King of surrealist marketing Simon Porte Jacquemus’ namesake label leads the fashion pack in CGI content. The brand has created videos of its Bambino bags rolling through the streets of Paris to the Opéra Garnier, swimming through Lake Como, tumbling in a Parisian curbside washing machine and hanging from serene apple trees. The label has also dreamt up clips of massive lemons falling from the sky over the South of France, refrigerators holding ice-cold versions of its accessories and a gargantuan depiction of its LE CHOUCHOU book flipping in the breeze of Versailles. Jacquemus has constructed a digital fantasy world that champions escapism — and there’s a case to be made that this content provides a similar level of mindlessness to those crusher videos, just with higher production value.

“CGI content can be polarizing. People love it and love to hate it, which is why it goes viral,” Mocoe says. “But Jacquemus has really mastered it in a way that hits the internet just right.” She’s correct: the top comments on the brand’s CGI posts usually read something along the lines of “Jacquemus’ marketing team deserves a raise,” and the label’s engagement soars upwards of 10 million views in several cases.

This is not to say that fashion’s classic social media strategies are no longer effective. Jacquemus’ traditional runway videos still record sky-high impressions, as do those of LOEWE. Megabrands like Louis Vuitton and Prada have exclusively maintained their high-quality video aesthetics. But of course, those labels have decades of loyal customers, ultra-famous ambassadors and massive advertising budgets to rely on, so there’s no real need for a revamp.

It’s the smaller brands, the emerging labels — and most noticeably the bigger houses seeking to gain Gen Z’s love — that consider very-online content the key to a new, larger audience. Because in a sea of TikTok Shop videos and increasingly more frequent sponsored posts, the last thing that doom scrollers want to watch is anything that resembles an advertisement.

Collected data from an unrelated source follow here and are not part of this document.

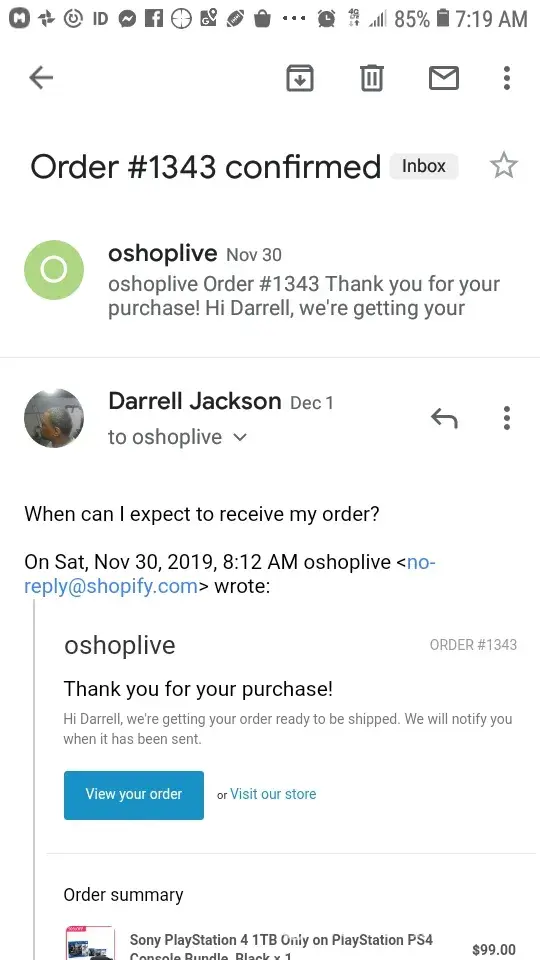 I put it in order for PlayStation 4 have not received it yet have not received any information on it yet a tracking number or anything I have been sending emails and have not had any responses back at all my order number is 1343 and I placed the order on November 30th I would like to hear something back from someone about my purchase I would like to hear something back from someone about my money if they can send me my money back because this hard times right now and I cannot afford to be losing out on a hundred bucks so please contact me about my purchase order so we can resolve the situation without having to do things legally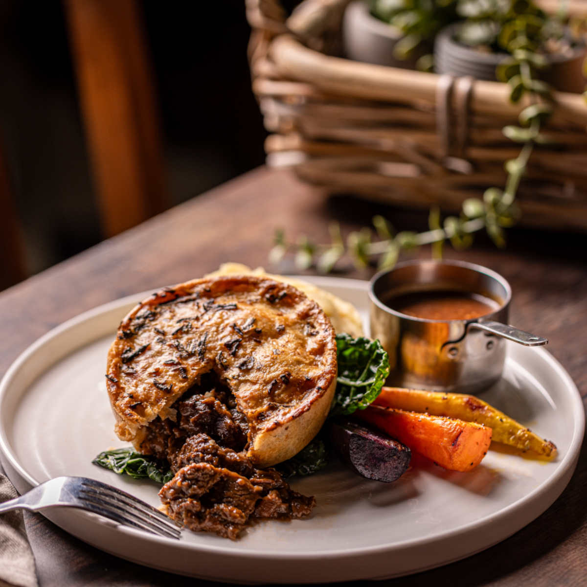 British, organic steak & ale pie, mash, roasted roots, buttered cavolo nero | 18 1107 kcals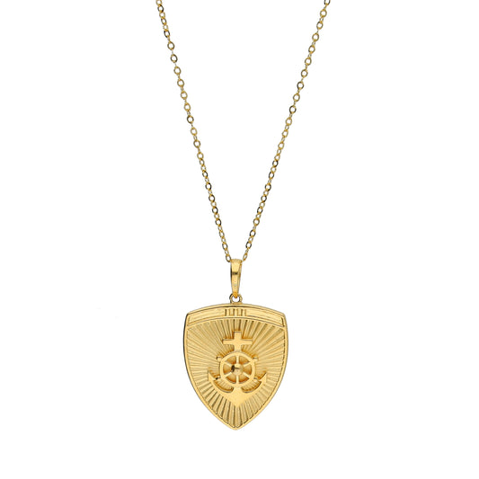 Gold Maritime Shield Necklace 21KT - FKJNKL21KM11333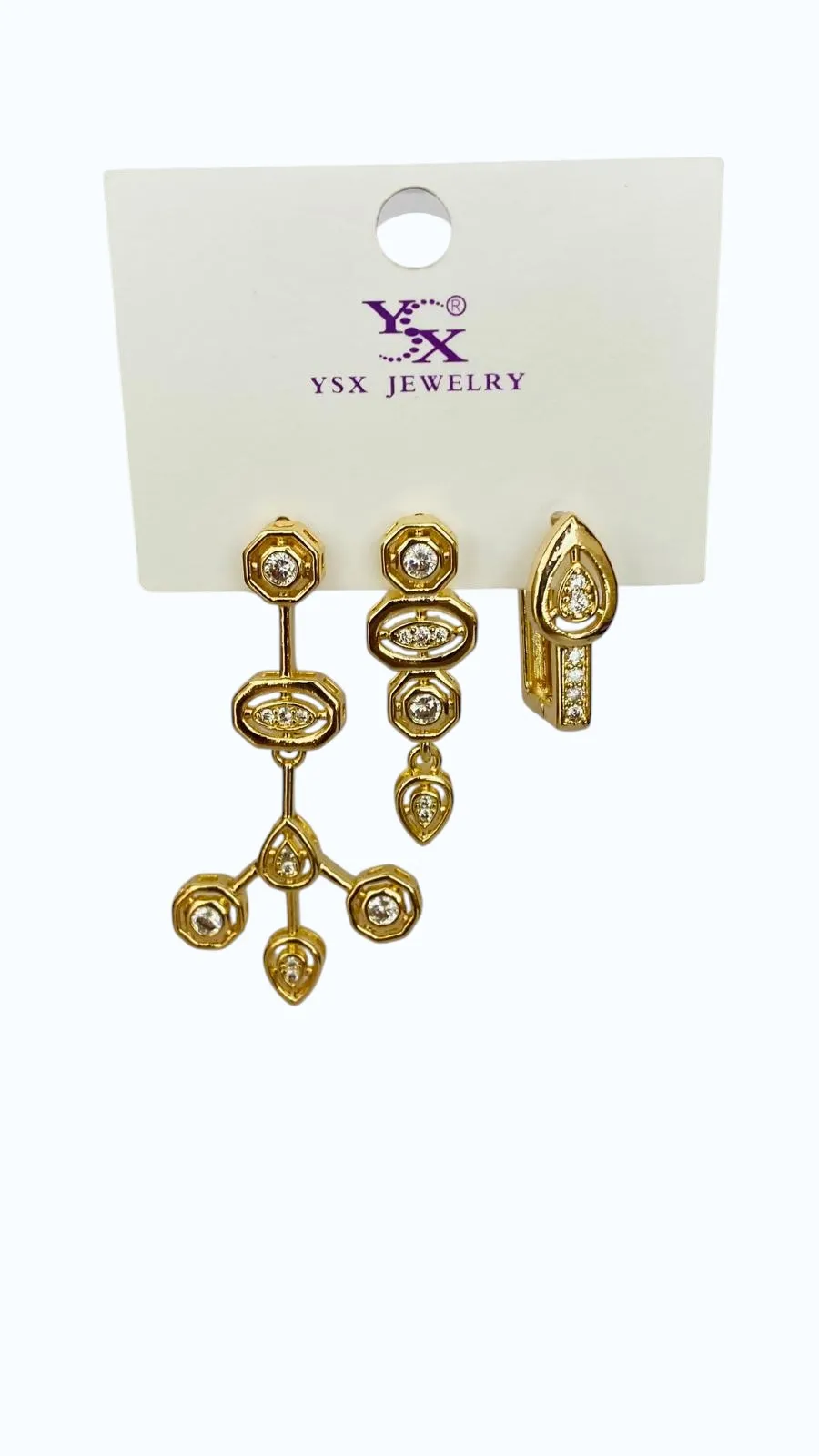 Gold Ysx Taşlı Farklı Çelik Küpe Çoklu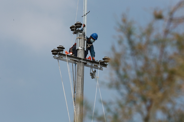 近日,在文家街道西河村,電力工作人員正在架設導線,將用電量超負荷的逢源線進行割接,通過將線路延伸從而解決一部分用戶的用電低壓問題。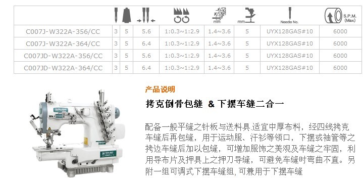 C007J-W322A,C007JD-W322A 拷克倒骨包縫 & 下擺車縫二合一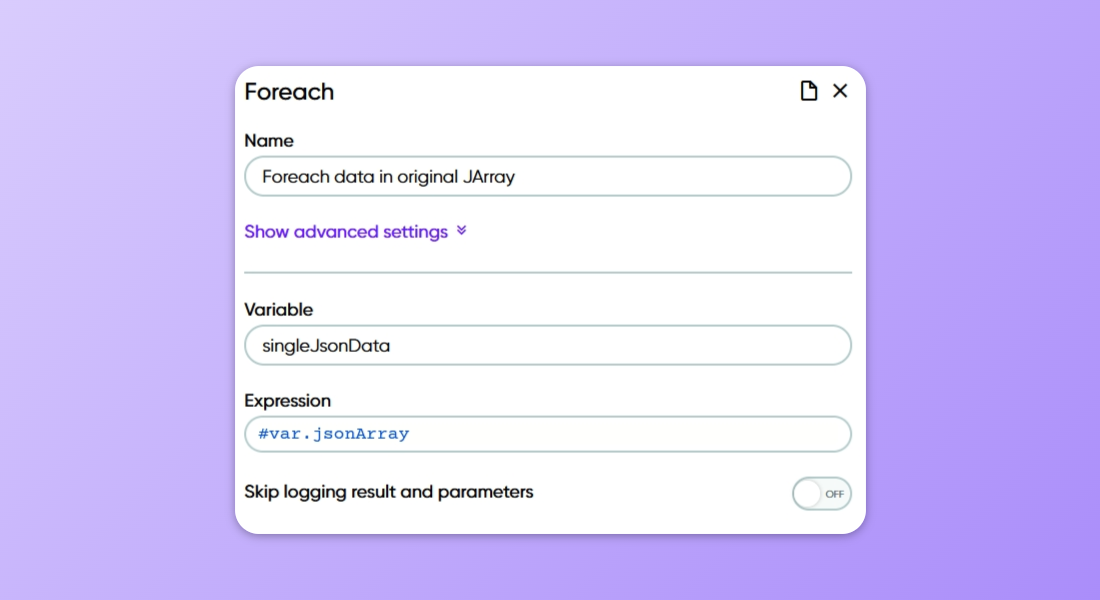 Since a JArray is basically an array of objects, we can also iterate the array using a Foreach shape. Below is an example of a Foreach shape's parameters, in which we iterate through the JArray that we created before and we save each of the values into a variable named "singleJsonData" in each iteration.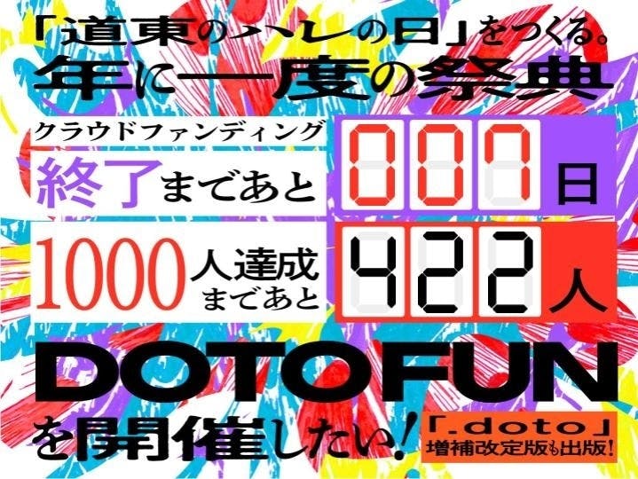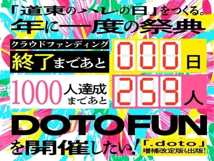 ・ 本クラウドファンディングにて「DOTO-FUN」入場券、「.doto EXTRA」を含まれるリターンをご支援いただいた方には、「.doto EXTRA」を「DOTO FUN」会場にて先行でお渡しします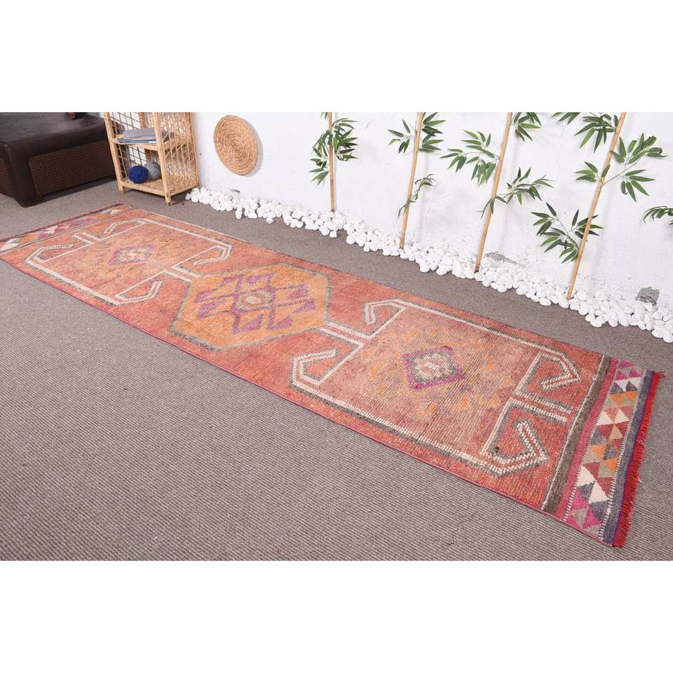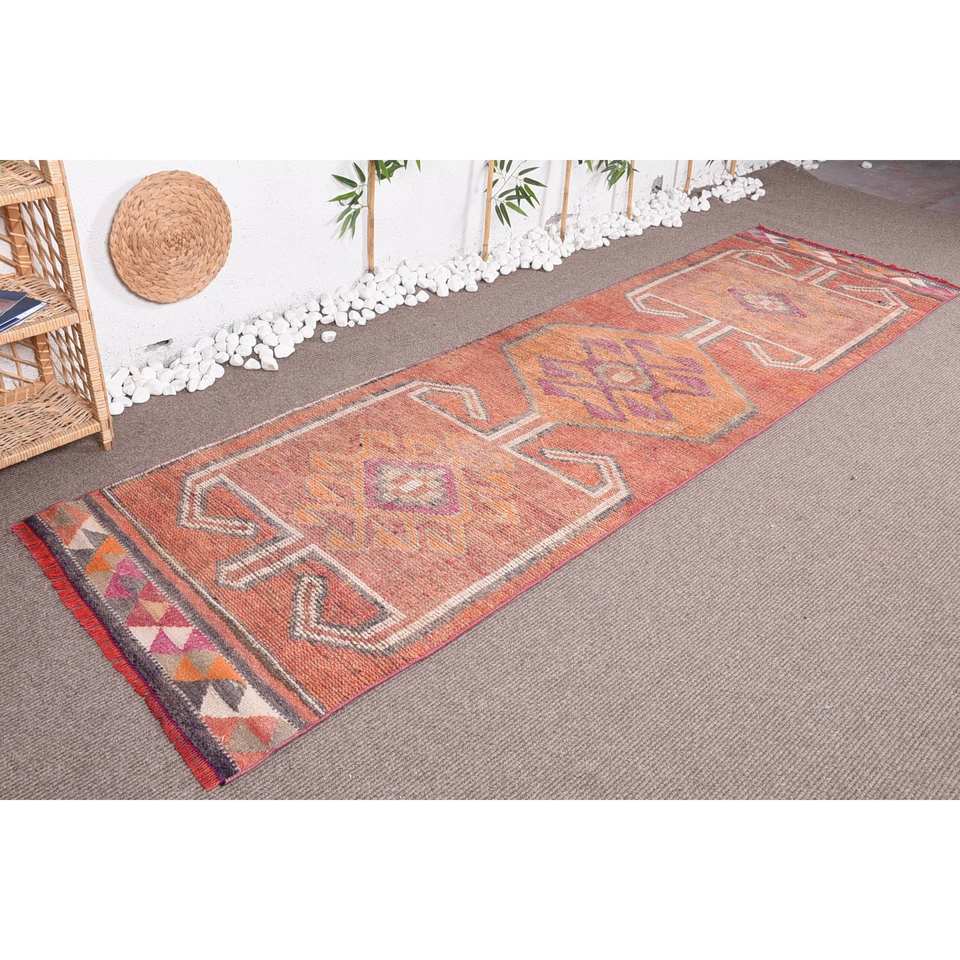 Vintage Turkish Design Kilim Rug in Orange Red 3 X 10.6ft Wool Viscose Material with Latex Backing Patchwork Pattern for Teens

But brainrot is no joke: ​​Extremely Online: The Untold Story of Fame, Influence, and Power on the Internet author Taylor Lorenz told The New York Times that she believes the word is synonymous with “broken brain,” while Michael Rich, the pediatrician who founded Boston Children’s Hospital Digital Wellness Lab, stated that many of his patients call brainrot a “badge of honor.” Overall, there’s a lightheartedness associated with the term, despite people being self-aware enough to know that their growing screen times are likely harming them. At the same time, brainrotting trends and terminology unite online users with a semblance of IYKYK community, which, amid a national epidemic of loneliness, can be enticing.

Nonetheless, while brainrot persists, so will the content. And in the case of fashion marketing, it appears that a little bit of it pays off. It’s up to you how much you consume.